The bees arrived, the man who delivered them said they were definitely alive as they were buzzing.  Gosh were they buzzing!  When I mentioned on Twitter that they had arrived a couple of people mentioned to me the Sylvia Plath poem 'The arrival of the bee box' where Sylvia refer to them as a 'box of maniacs'.  I had forgotten about this poem and was delighted to be reminded.  It feels very apt.   I had already placed the villa in position at the top of the garden (sheltered and out of full afternoon sun) so I carried the buzzing box carefully up the garden and popped it carefully inside.  I had to wait at least thirty minutes to let them calm down before opening the little door to release them.

I made a coffee and waited, then after the thirty minutes had elapsed I carefully made my way to the villa and very carefully slid open the little door.  Almost immediately a bee popped out, looked a bit confused and wandered back in.  I stood a little further off so I could watch.  The instructions said that the bees would slowly emerge, map the garden and then start to collect pollen.  After a long minute or so a couple more bees started to wander out of the villa and explore their new home and so I left them to it.
Later in the day I went back and to my delight a bee was just making its way back into the hive.  A couple of days on and I have a new routine in my days.  I go and say good morning to them as my first thing in the garden and I go and say good night before I go inside at the end of the day.  After the first full day in the garden the bee activity increased.  They started coming in and out routinely.  This was a huge relief as at first they seemed quiet and I wondered if they were ok.  Now every day this activity increases.  In the first few days I might have to wait a minute to see a bee appear, now they are constantly coming in and out, like, well, like busy bees.....

I love bumble bees, I always have.  There is something about their shape that makes me think they are very un-aerodynamic.  They look furry and I am pretty sure that when they leave the hive they exit the little door with a 'fwop' type noise.
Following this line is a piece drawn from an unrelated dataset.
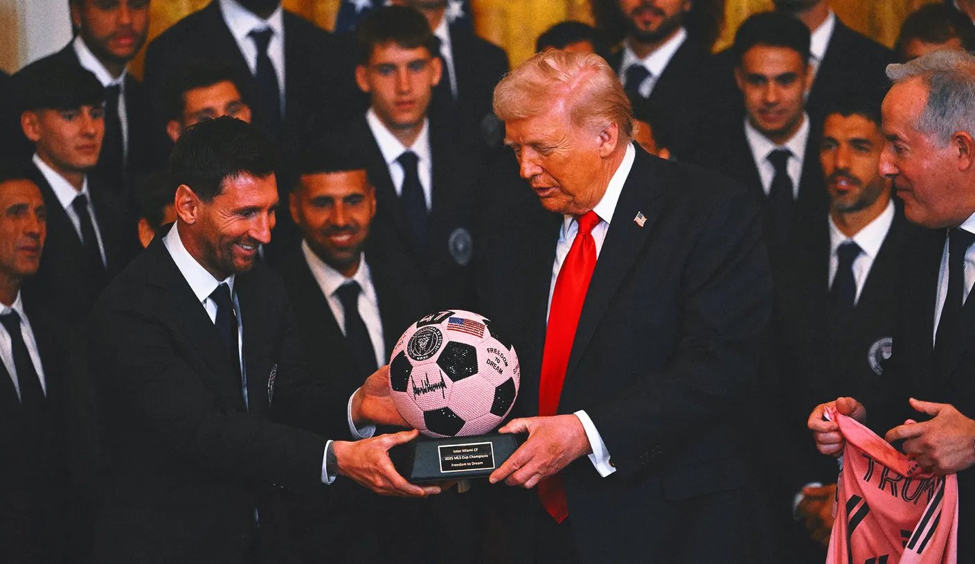 Lionel Messi entregó un balón de fútbol rosa enjoyado al presidente Donald Trump mientras honraba al Inter Miami por la victoria de la Copa MLS del año pasado en una ceremonia en la Casa Blanca.
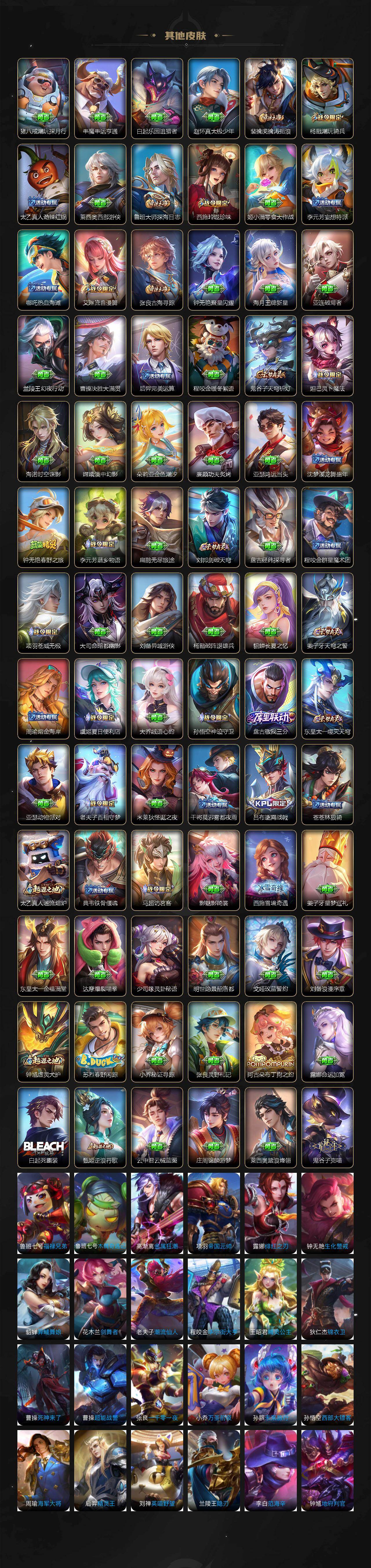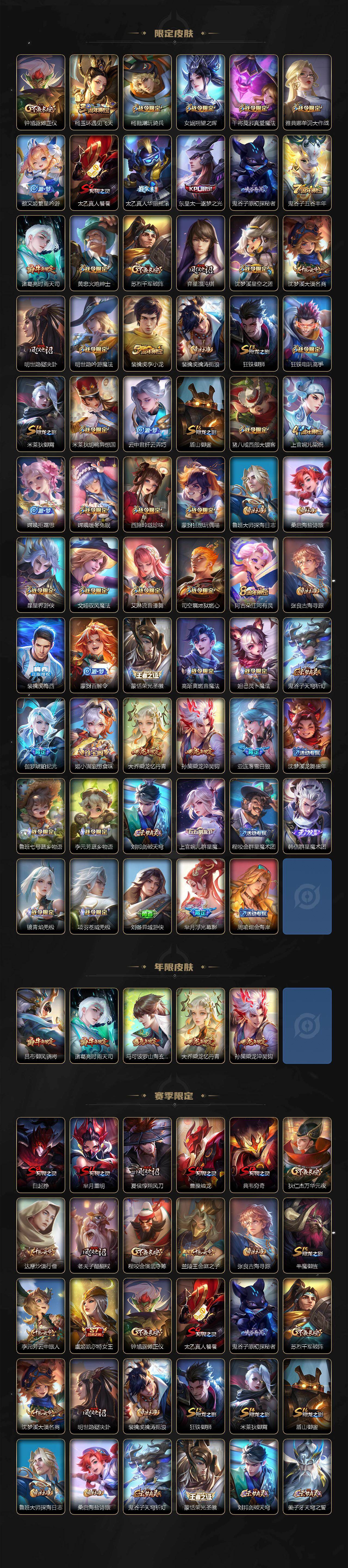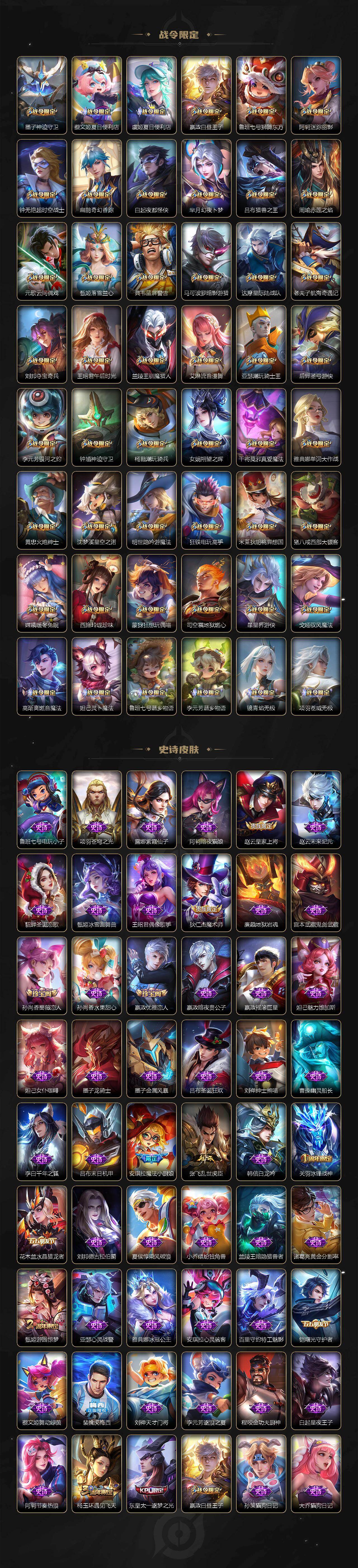 【限定皮肤】:白起狰,夏侯惇霜北刀,蒙犽顽岩魄,蔡文姬夏日便利店,大乔绒语心约,虞姬夏日便利店,姜子牙天穹之誓,杨戬破阵退雄兵,狄仁杰阴阳师,虞姬凯尔特女王,赵云皇家上将,墨子神迹守卫,嬴政优雅恋人,嬴政白昼王子,孙尚香蔷薇恋人,鲁班七号狮舞东方,庄周高山流水,高渐离死亡摇滚,阿轲迷踪丽影,钟无艳超时空战士,扁鹊奇幻香踪,白起夜都怪侠,芈月重明,芈月幻夜卜梦,吕布猎兽之王,吕布御风骁将,周瑜赤莲之焰,元歌云间偶戏,元歌无心,夏侯惇朔风刀,甄姬游园惊梦,甄姬落雪兰心,曹操烛龙,典韦穷奇,典韦蓝屏警告,马可波罗暗影游猎,马可波罗山海玄木吟,狄仁杰魔术师,狄仁杰万华元夜,达摩星际陆战队,达摩沙漠行僧,项羽海滩派对,老夫子醍醐杖,老夫子航海奇遇记,关羽冰锋战神,安琪拉魔法小厨娘,程咬金演武夺筹,刘邦夺宝奇兵,王昭君午后时光,兰陵王驯魔猎人,兰陵王金庭之子,亚瑟潮玩骑士王,孙悟空大圣娶亲,孙悟空孙行者,牛魔御旌,后羿圣弓游侠,李元芳银河之约,李元芳云中旅人,虞姬启明星使,钟馗神迹守卫,钟馗驱傩正仪,杨玉环遇见飞天,杨戬潮玩骑兵,女娲朔望之晖,干将莫邪真爱魔法,雅典娜单词大作战,蔡文姬繁星吟游,太乙真人饕餮,太乙真人华丽摇滚,东皇太一逐梦之光,鬼谷子原初探秘者,鬼谷子五谷丰年,诸葛亮时雨天司,黄忠火炮绅士,苏烈千军破阵,弈星混沌棋,沈梦溪星空之诺,沈梦溪大漠名商,明世隐疑决卦,明世隐吟游魔法,裴擒虎李小龙,裴擒虎擒涛扼浪,狂铁御狮,狂铁电玩高手,米莱狄御霄,米莱狄胡桃异想国,云中君纤云弄巧,盾山御銮,猪八戒西部大镖客,上官婉

I  have started wandering the garden looking at the bees on flowers asking 'are you one of mine?' to every bee I meet. 
nope - not you

No, not you either


Some of them might be(e) ....

The bees I bought are British bred Bombus terrestris audax, the buff-tailed bumble bee.  They only live a few months and do not overwinter.  The Queen will leave the nest and lay eggs for a new colony next year.  They will not return to the hive and so yes, this is an indulgence.  People keep asking me what are they going to do?  They will be adding to the pollinators in my garden but it is a one year thing and if I want to do it again next year I will have to buy more bees (yes of course I will be doing it again).  I am just happy to be sharing my garden with them.  I call them my bees but I do not regard them really as mine, they are welcome guests.
....and they are such a welcome distraction in these lockdown days.  If I had known when I bought them what joy they would bring I would not have hesitated for a second.

Comments

  1. That's amazing. And wonderful. I'd not heard this was possible.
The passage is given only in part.